I'm not a big fan of libertarians or libertarian Republicans, but Kentucky Senator Rand Paul deserves tremendous credit for his brinksmanship on the Patriot Act in forcing the U.S. Senate leadership to bend on the issue of the federal government's massive, once very secret, monitoring of our private communications. Here Paul is carrying out the most useful role for libertarians in American society, pointing out where government is being especially foolhardy, incompetent, and overbearing.
Paul does a fine job in Time laying out his reasoning:
It has been said that finding a terrorist is like finding a needle in a haystack. Well, for years, your government's answer has been to make the haystack bigger by gobbling up every American's information.
That must end.
The Second Circuit Court recently ruled that Section 215 of the Patriot Act does not authorize bulk collection of phone records, and an alternative collection mechanism is unnecessary. In fact, the recent Department of Justice Inspector General report showed that the government is using broad terms in these letters to receive mass electronic transactional records.
The Inspector General report also concluded Section 215 was not responsible for preventing any terrorist plots because agents queried "did not identify any major case developments that resulted from use of the records obtained in response to Section 215 orders."
If Paul benefits as a presidential candidate as a result, well, that's hardly the worst result imaginable. Especially with far too many Democrats going along like lemmings with the massive surveillance and drone strike programs they might well excoriate if carried out by a Republican administration. (As if they would disappear when the Republicans retake the White House, as they will at some point.)
I expect Hillary Clinton -- the best-qualified candidate, if hardly always right on policy -- to be the Democratic nominee for President and I expect to support her. But the Clintons have been, at best, nowhere on this stuff.
Hillary got a dramatic start in national politics as an aide in George McGovern's anti-Vietnam War presidential campaign and staffer on the House Judiciary Committee's impeachment of President Richard Nixon. But as a senator and United States secretary of state, the one-time McGovernite peacenik was generally a McCainiac war hawk, reflexively pushing military intervention across the world, including a very expansive drone strike program conducted under unhealthy and unacceptable conditions of secrecy. And the woman who worked to impeach Nixon for his expansive domestic spying program on loyal if dissenting Americans has backed the building of a surveillance state that Nixon, John Mitchell, and J. Edgar Hoover could only have dreamed of.

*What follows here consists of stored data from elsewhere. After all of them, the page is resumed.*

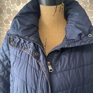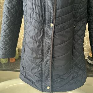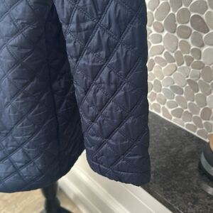 Marc New York Navy quilted jacket with removable hood, zipper and snap closure, two outside and one inside pocket. Length is 29 inches.PTP is 22”– size large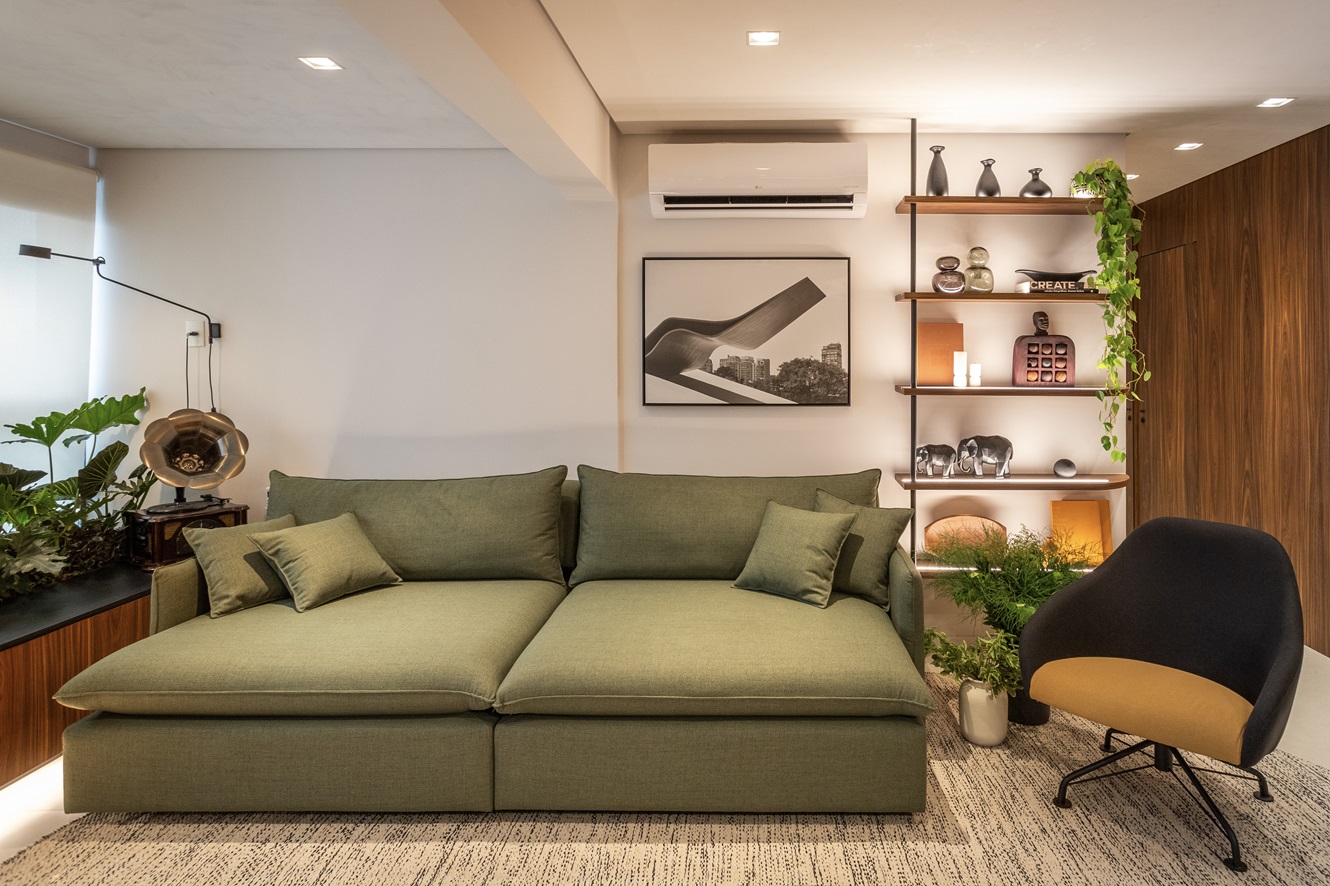 A aposta no contraste entre natureza e concreto, com cores claras e escuras, criou um ambiente sensorial único. “O apartamento é quase uma experiência sensorial. Uma hora você está na sala, com claridade abundante, outra você entra no lavabo, completamente escuro, quase uma caverna intimista”, explica Rafaela Giudice.
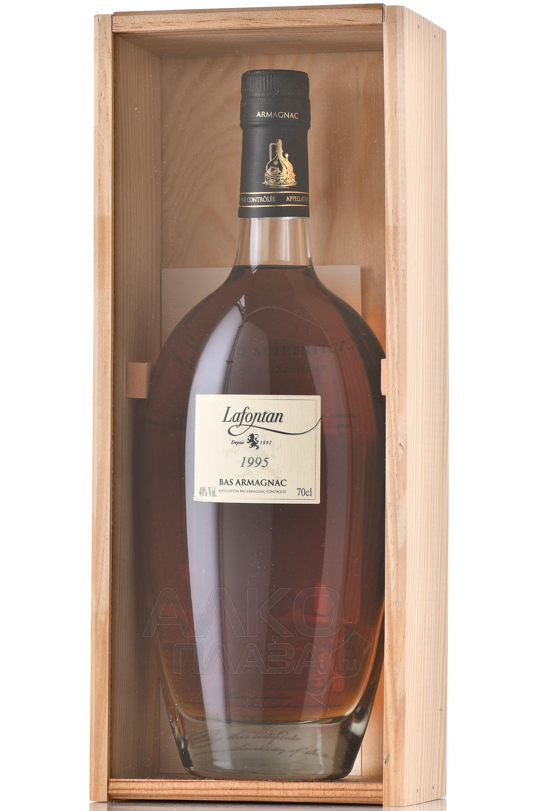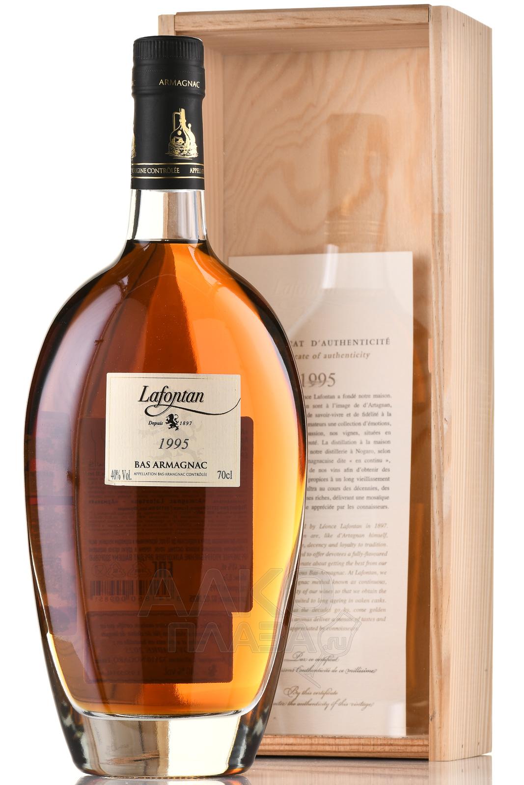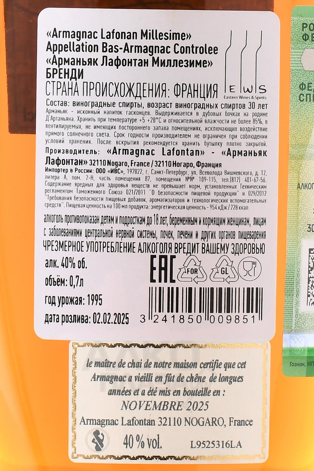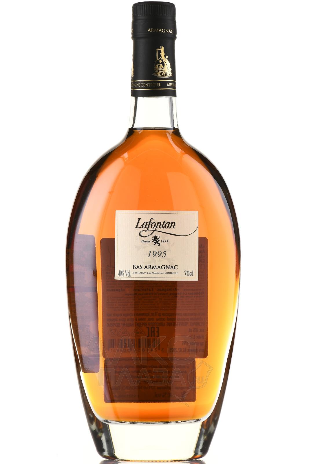 Арманьяк Lafontan Millesime 1995 года 0,7 л в д/у является прекрасным подарком для ценителя. Запоминающимся событием станет его вручение человеку, родившемуся в год урожая. Также миллезимный алкоголь можно вручить на годовщину свадьбы и по другому подобному поводу. Для изготовления использовались традиционные сорта, выращенные в зоне Bas-Armagnac AOC (Верхний Арманьяк). Виноград Бако отвечает за многогранную ароматику, Коломбар — за уникальную стилистику, Уни Блан — за гладкость текстуры, а Фоль Бланш — за свежие фруктовые ноты в букете. Дистилляты, тщательно отобранные для купажа, не менее 27 лет созревали в бочонках из черного гасконского дуба. Винтажный арманьяк, созданный на родине легендарного мушкетера Д`Артаньяна, обладает объемным и плотным профилем и не уступает коньякам.
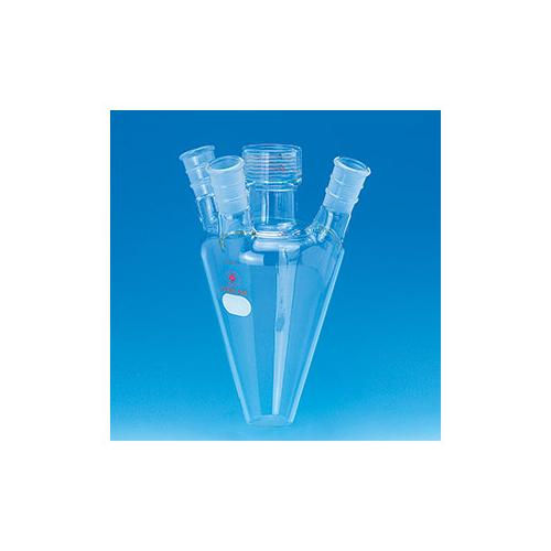 Fabricated from borosilicate glass with walls tapered inward toward bottom to allow operation with smaller volumes. Supplied with #36 Ace-Thred center neck and three 24/40 side necks. Use Bushing and O-Ring in #25 Ace-Thred, Bushing and O-Ring in #36 Ace-Thred to form a leak-tight compression seal with all 9814 Horns with groove and Slide Adapter. Stated capacity is without horn.
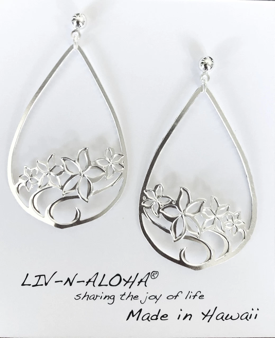 Liv-N-Aloha® Silver Drop Plumeria Earrings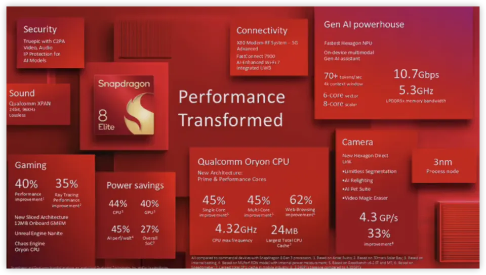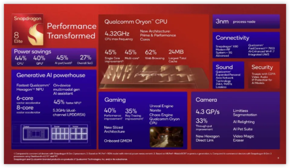 本年应该是许多等等党乐意换机的一年。 前有各家在厚度不怎么变的情况下,疯狂卷电池容量,5500mAh、6000mAh、6500mAh ... 后有台积电大杀四方,订单供不应求,天玑 9400、苹果 A18 系列、以及本日( 22 号)刚刚发布的骁龙 8 Elite,用的都是最新的 N3E 工艺。 寻求游戏性能的朋侪来说,三款顶级处理惩罚器肯定会让他们好好纠结一下,天玑 9400、苹果 A18 系列由于发布的早,性能已经被摸的七七八八了,最晚发布的骁龙 8 Elite 有什么差别?憋了什么大招?性能上有哪些亮点?借着刚发布这会,我们就来浅谈一下。 首先最直接的变化是名字,都自研了,还按照从前规律叫 8 Gen4 多没劲呀,现在叫骁龙 8 Elite ,官方中文即骁龙 8 至尊版。 苹果看着骁龙从容淡定地将 ARM 尸躯撇至一旁,都感到了气氛中某种玄妙的变化。 “骁龙仙友,这下可如何收场?”华子急问。 “没有手臂大人,如何抗衡苹果? !”发弟跺脚, 瞪着骁龙。 骁龙淡笑一声:“很简单,我成尊不就是了?”说完,他气味终于不再粉饰,表现而出。龙哥就是龙! 正如段子中所说... 骁龙 8 至尊版彻底和 ARM 公版架构分手,接纳自研的 Oryon 架构 CPU,由于之前用于电脑上的高通骁龙 X Elite 也叫 Oryon 架构,所以这次手机上的被高通称之为“第二代定制 Oryon ”。 这次全新的 Oryon CPU,包罗名为 Oryon-L 的两个“超级内核”,频率高达 4.32GHz,这个可以说是桌面处理惩罚器的程度了... 高通的原话是,“安卓阵营任何其它内核都无法与之相比。” 而别的六个“性能内核”名为 Oryon-M ,频率高达 3.53GHz ,也非常惊人。 此时回看骁龙 8 Gen3,1+5+2 的架构计划,你会发现,骁龙 8 至尊版从原来的三丛集改成了和苹果 A 系列处理惩罚器相似的两个独立的 CPU 簇计划。 并且,骁龙 8 至尊版的 CPU 簇各接纳 12MB L2 缓存,专门与 CPU 紧密耦合,L2 缓存越大,处理惩罚器访问 L2 缓存的概率就越高,从而进步处理惩罚器的性能。 总计到达 24MB 的大缓存,大概让骁龙 8 至尊版觉得不要 L3 缓存也行,索性去掉了。 不难看出,不管是 CPU 簇的计划上,还是缓存思绪上,高通似乎都有些学习苹果 A 系的意思,等各家的量产机出来后,高通这种换了思绪的打法实战究竟如何?还挺让人等待的。 GPU 方面,骁龙 8 至尊版升级到了最新的 Adreno 830 ,并且和 CPU 一样,这次也是缓存不要钱似的塞了个 12MB 的大缓存,好家伙,这是什么骁龙 8 至尊版 X3D 。 加大缓存的长处显而易见,众所周知,在举行图形渲染时,须要不绝地去搬运图形数据,所以免不了要和内存举行交互,频仍访问内存会明显增长功耗,而 GPU 有了大缓存,不但性能服从得到提升, 还能因大幅淘汰对内存的访问而低沉能耗。 官方表示,相较于上一代在性能上实现了 40% 的提升,同时功耗也低沉了 40%,别的在游戏场景比力看重的光线追踪性能方面,也有高达 35% 的性能提升。 除此之外,作为一套完备的移动平台,骁龙 8 至尊版的其他方面也迎来明显升级。 好比高通 AI 引擎的焦点 Hexagon NPU :现在向量加快器有 6 个焦点,标量加快器有 8 个焦点,用来满意天生式 AI 运算不绝增长的需求。 从性能上看,升级后的 NPU 与前代相比推理速率提升了 45% ,每瓦性能体现提升了 45% 。 而在基于骁龙 8 至尊版运行的多模态助手方面,背后将支持更多模子运作,包罗 LMM 、LLM 、LVM 和 ASR 等。 除此之外,根据极客湾和高通工作职员深度交换后的说法,骁龙 8 至尊版这次在网页欣赏器上的提升是巨大的,根据测试可以看到,对比之前 8 Gen3 的 16.9 分,换上自研架构和大缓存的骁龙 8 至尊版能到达 32.8 分,靠近苹果。 有些人大概不知道,着实像主流的肴杂开辟应用都会涉及到欣赏器网页性能,好比我们平常购物,买外卖,这些吃的都是网页端的性能,所以 Web 的性能翻倍,意味着一样平常体验性能翻倍,当然你也可以说为 App 提供了更多的广告性能... OK ,说了这么多技能方面的提升和改进。现实体现到底如何? 根据大佬极客湾拿到的工程机的测试结果。 骁龙 8 至尊版的焦点面积为 124.1mm 。 CPU 性能:Geekbench6 极限测试,单核 3242 ,超过天玑 9400 ,靠近苹果,多核 10521 ,现在首个破万,没有对手! CPU 能效:团体逾越苹果 A18 Pro 和天玑 9400 ,低频能效持平苹果 A18 Pro 。 值得一提的是,根据图片中可以得出,骁龙 8 至尊在功耗 9W 左右的情况下就能到达天玑 9400 峰值性能。 GPU 能效:非常靠近天玑 9400 ,领先苹果 A18 Pro 。 游戏实测: 原神 864P 满帧功耗 4.5W , 813P 的天玑 9400 是 4.6W ; 星穹铁道整机功耗 6.2W ,和竞争对手天玑 9400 的 6.0W 在伯仲之间。 鸣潮 58.4 帧功耗 5.3W ,能效略微优于天玑 9400 和苹果 A18 Pro 。 总的来说这台工程机上的骁龙 8 至尊版的性能和能效还是很能打的。 但是,工程机之所以叫工程机,一个是芯片特挑,一个是内存高频,如果去掉这两个因素,量产机大概跟工程时机有 10% 左右的能效差距,所以详细还是得以真机为准。 高通在发布会上公布,华硕、光彩、iQOO 、一加、OPPO 、真我、三星、vivo 、小米、复兴、摩托罗拉、努比亚等各大厂商都准备在未来几周推出搭载骁龙 8 Elite 芯片的机型,而这此中小米 15 系列将首先搭载,感爱好的朋侪可以持续关注。 总的来说,高通、苹果、天玑本年的提升都非常大,这又不得不让人担心起麒麟的状况,究竟在制程上是显着亏损的,不外果子以为也不须要太过于焦虑,追赶哪能只靠一朝一夕,能给出一个包管日用流畅的程度,喜欢华为的人依然会购买的。 参

But let's not pick on Hillary. Much if not most of the Democratic Party's leadership has been either missing in action or seduced to the dark side of operations they probably don't understand. Which is one reason why Colorado Senator Mark Udall's defeat last November was so galling. He was one of a few on the Senate Intelligence Committee who performed an active oversight function.
Before last November's Republican takeover, then Senate Intelligence chair Dianne Feinstein complacently approved of the Obama administration's dramatic secret expansion of the surveillance and drone strike programs. Denouncing ex-National Security Agency analyst Edward Snowden as a "traitor" for revealing much of the extent of the new surveillance state -- which he's not, as a reading of the Constitution makes plain -- Feinstein said she believed CIA when it told her that its drone strike program isn't killing civilians but didn't believe CIA when it said its post-9/11 torture interrogation program was just fine. Why believe one thing but not the other from the same source, asked the New York Times? "That's a good question, actually," she replied. No kidding.
Feinstein got kudos from liberals at the very end of her Senate Intel leadership when she pushed a report on CIA torture that was highly critical. However, while torture for intel is obviously a politically disastrous policy, and only an erratic source of intelligence, it seems to me that persecuting CIA officers carrying out an overactive program in the wake of post-9/11 fear and hysteria, a program which has been shut down, is not preferable to reining in a frequently backfiring drone strike program and a massive surveillance program that invades the privacy of countless people who would clearly never participate in jihadist attacks in the U.S. or anywhere else.
We're still a very good distance from the allegorical situation in last year's smash hit Captain America: The Winter Soldier, in which surveillance, data-mining, and advanced drone strike tech are deployed to handle potential troublemakers of all sorts. But few Americans after 9/11 would have imagined that the hysteria and paranoia of the moment could have been used to spin up the monstrously ill-conceived, bloody, costly, and endlessly backfiring Iraq War, one of history's greatest geopolitical disasters, either.
Jihadism is a clear and present danger for the U.S., one requiring serious, well-conceived, and aggressive intelligence and military action as well as diplomacy. But we need to keep its nature and scope in perspective and prevent hype and hysteria from continuing to force very bad decisions. Rand Paul has just helped do that.